§ **What to work on**
Which lines run from the line with "在大家热烈的掌声中,山东财经" through the line with "Скрепки-закладки для книг, арт." in the entries below? Print them exactly, both ends included, and nothing more.

§ **Provided entries**
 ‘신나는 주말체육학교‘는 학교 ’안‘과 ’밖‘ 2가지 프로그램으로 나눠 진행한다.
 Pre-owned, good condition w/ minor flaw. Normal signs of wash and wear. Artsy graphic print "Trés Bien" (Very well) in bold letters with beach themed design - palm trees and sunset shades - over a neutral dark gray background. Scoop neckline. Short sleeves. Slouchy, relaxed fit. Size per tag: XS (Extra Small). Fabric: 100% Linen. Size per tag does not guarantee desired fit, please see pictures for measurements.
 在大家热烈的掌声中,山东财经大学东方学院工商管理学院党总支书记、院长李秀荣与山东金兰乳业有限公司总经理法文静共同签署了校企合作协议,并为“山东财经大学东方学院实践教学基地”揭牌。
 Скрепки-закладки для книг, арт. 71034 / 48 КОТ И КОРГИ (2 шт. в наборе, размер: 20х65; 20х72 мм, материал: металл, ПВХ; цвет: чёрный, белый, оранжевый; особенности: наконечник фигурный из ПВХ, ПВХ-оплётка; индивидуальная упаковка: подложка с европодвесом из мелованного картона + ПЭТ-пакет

...

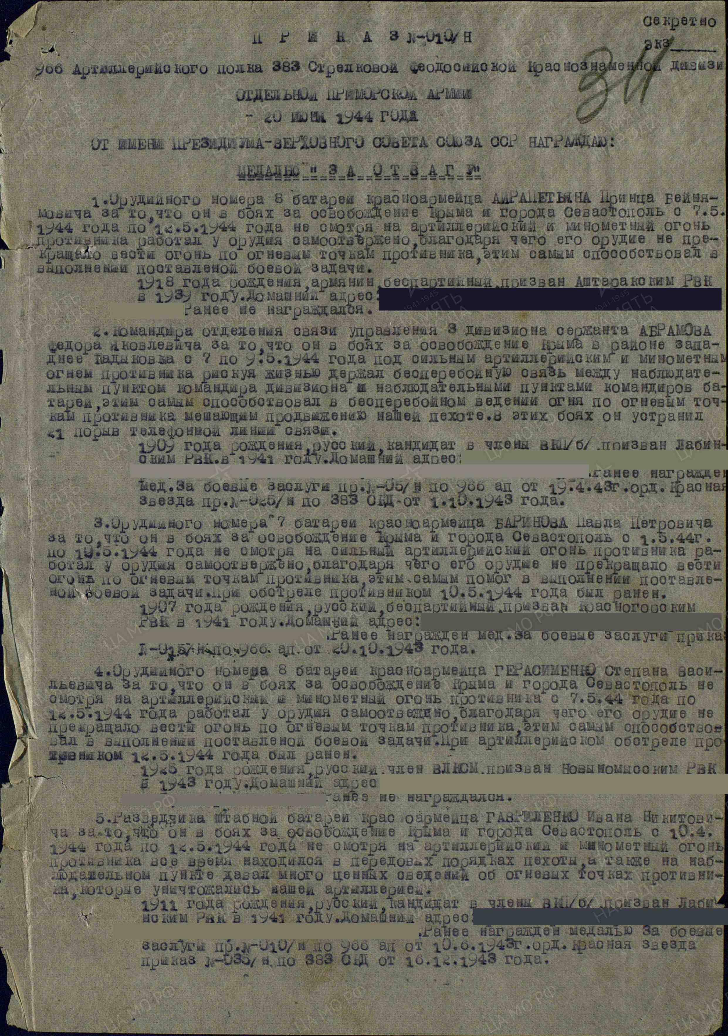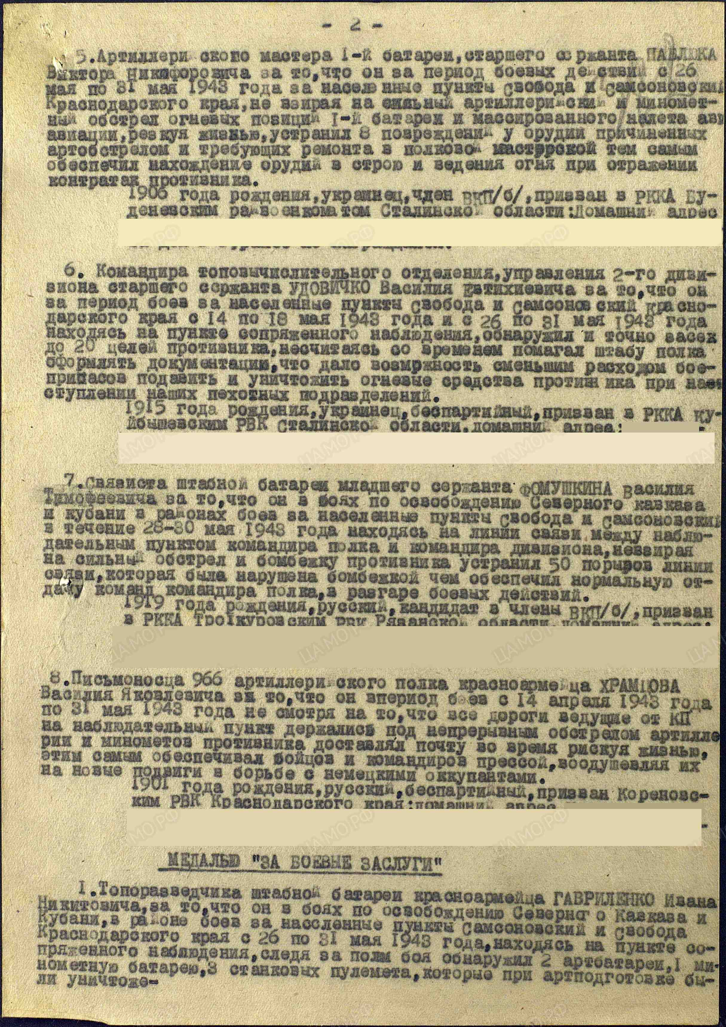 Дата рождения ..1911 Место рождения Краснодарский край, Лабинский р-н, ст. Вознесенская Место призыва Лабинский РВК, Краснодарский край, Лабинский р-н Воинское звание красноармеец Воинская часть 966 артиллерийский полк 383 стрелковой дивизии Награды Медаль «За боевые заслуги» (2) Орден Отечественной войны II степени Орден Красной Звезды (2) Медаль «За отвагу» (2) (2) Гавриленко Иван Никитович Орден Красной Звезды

§ **Written response**
 在大家热烈的掌声中,山东财经大学东方学院工商管理学院党总支书记、院长李秀荣与山东金兰乳业有限公司总经理法文静共同签署了校企合作协议,并为“山东财经大学东方学院实践教学基地”揭牌。
 Скрепки-закладки для книг, арт. 71034 / 48 КОТ И КОРГИ (2 шт. в наборе, размер: 20х65; 20х72 мм, материал: металл, ПВХ; цвет: чёрный, белый, оранжевый; особенности: наконечник фигурный из ПВХ, ПВХ-оплётка; индивидуальная упаковка: подложка с европодвесом из мелованного картона + ПЭТ-пакет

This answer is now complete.